* How to complete this task *
Only the stretch of the listing below that runs from the line with "Step into the" through the line with "Presidente do Fefecê, Alessandro" is to be printed, exactly and with both ends.

* Records for the exercise *
>>

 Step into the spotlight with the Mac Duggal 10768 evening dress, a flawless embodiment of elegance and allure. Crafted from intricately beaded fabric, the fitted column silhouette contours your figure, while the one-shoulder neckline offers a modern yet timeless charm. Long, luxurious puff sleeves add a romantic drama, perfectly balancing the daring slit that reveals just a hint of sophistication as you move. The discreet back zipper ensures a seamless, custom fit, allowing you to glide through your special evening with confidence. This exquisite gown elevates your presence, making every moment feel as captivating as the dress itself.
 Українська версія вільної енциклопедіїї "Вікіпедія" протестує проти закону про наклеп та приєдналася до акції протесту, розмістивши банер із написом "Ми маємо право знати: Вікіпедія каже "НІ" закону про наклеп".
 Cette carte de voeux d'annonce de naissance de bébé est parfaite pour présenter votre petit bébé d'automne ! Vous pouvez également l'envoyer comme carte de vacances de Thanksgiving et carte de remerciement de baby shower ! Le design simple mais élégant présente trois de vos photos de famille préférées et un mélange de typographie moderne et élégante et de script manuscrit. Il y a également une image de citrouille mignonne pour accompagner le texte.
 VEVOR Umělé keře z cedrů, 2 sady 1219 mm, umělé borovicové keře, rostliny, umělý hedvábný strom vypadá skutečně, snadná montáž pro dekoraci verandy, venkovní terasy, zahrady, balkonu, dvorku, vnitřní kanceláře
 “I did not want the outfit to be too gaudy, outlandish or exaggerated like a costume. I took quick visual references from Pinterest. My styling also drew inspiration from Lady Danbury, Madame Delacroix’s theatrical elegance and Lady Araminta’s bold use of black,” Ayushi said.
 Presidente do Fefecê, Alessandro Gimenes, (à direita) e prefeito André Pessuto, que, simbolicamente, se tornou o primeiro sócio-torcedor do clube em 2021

<<
>>

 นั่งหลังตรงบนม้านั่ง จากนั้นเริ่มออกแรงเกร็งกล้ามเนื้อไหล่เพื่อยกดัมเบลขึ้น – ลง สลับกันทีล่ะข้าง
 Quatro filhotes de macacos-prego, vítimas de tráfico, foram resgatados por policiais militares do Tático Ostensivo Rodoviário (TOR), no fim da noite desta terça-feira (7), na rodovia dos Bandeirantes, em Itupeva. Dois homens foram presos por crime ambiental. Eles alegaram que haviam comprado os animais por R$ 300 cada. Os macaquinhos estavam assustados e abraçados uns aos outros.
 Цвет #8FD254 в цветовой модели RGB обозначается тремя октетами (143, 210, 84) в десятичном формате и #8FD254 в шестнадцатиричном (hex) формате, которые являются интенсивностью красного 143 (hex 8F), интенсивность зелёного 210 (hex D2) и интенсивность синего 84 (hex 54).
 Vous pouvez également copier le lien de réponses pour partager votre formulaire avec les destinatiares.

<<
>>

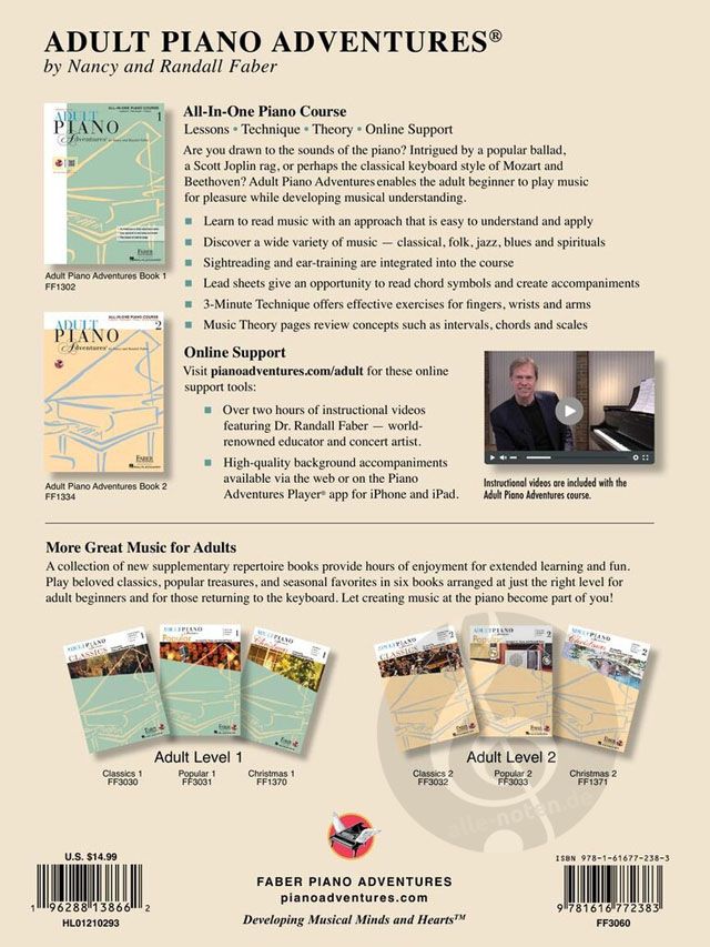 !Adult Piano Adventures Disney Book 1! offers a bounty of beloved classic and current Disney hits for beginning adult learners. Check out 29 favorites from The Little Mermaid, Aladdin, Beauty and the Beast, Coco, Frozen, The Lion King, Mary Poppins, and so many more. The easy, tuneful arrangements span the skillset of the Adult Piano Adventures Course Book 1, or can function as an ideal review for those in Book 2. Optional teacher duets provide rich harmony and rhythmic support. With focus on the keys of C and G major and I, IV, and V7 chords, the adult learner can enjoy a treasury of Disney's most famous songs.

<<

* Response below *
 Step into the spotlight with the Mac Duggal 10768 evening dress, a flawless embodiment of elegance and allure. Crafted from intricately beaded fabric, the fitted column silhouette contours your figure, while the one-shoulder neckline offers a modern yet timeless charm. Long, luxurious puff sleeves add a romantic drama, perfectly balancing the daring slit that reveals just a hint of sophistication as you move. The discreet back zipper ensures a seamless, custom fit, allowing you to glide through your special evening with confidence. This exquisite gown elevates your presence, making every moment feel as captivating as the dress itself.
 Українська версія вільної енциклопедіїї "Вікіпедія" протестує проти закону про наклеп та приєдналася до акції протесту, розмістивши банер із написом "Ми маємо право знати: Вікіпедія каже "НІ" закону про наклеп".
 Cette carte de voeux d'annonce de naissance de bébé est parfaite pour présenter votre petit bébé d'automne ! Vous pouvez également l'envoyer comme carte de vacances de Thanksgiving et carte de remerciement de baby shower ! Le design simple mais élégant présente trois de vos photos de famille préférées et un mélange de typographie moderne et élégante et de script manuscrit. Il y a également une image de citrouille mignonne pour accompagner le texte.
 VEVOR Umělé keře z cedrů, 2 sady 1219 mm, umělé borovicové keře, rostliny, umělý hedvábný strom vypadá skutečně, snadná montáž pro dekoraci verandy, venkovní terasy, zahrady, balkonu, dvorku, vnitřní kanceláře
 “I did not want the outfit to be too gaudy, outlandish or exaggerated like a costume. I took quick visual references from Pinterest. My styling also drew inspiration from Lady Danbury, Madame Delacroix’s theatrical elegance and Lady Araminta’s bold use of black,” Ayushi said.
 Presidente do Fefecê, Alessandro Gimenes, (à direita) e prefeito André Pessuto, que, simbolicamente, se tornou o primeiro sócio-torcedor do clube em 2021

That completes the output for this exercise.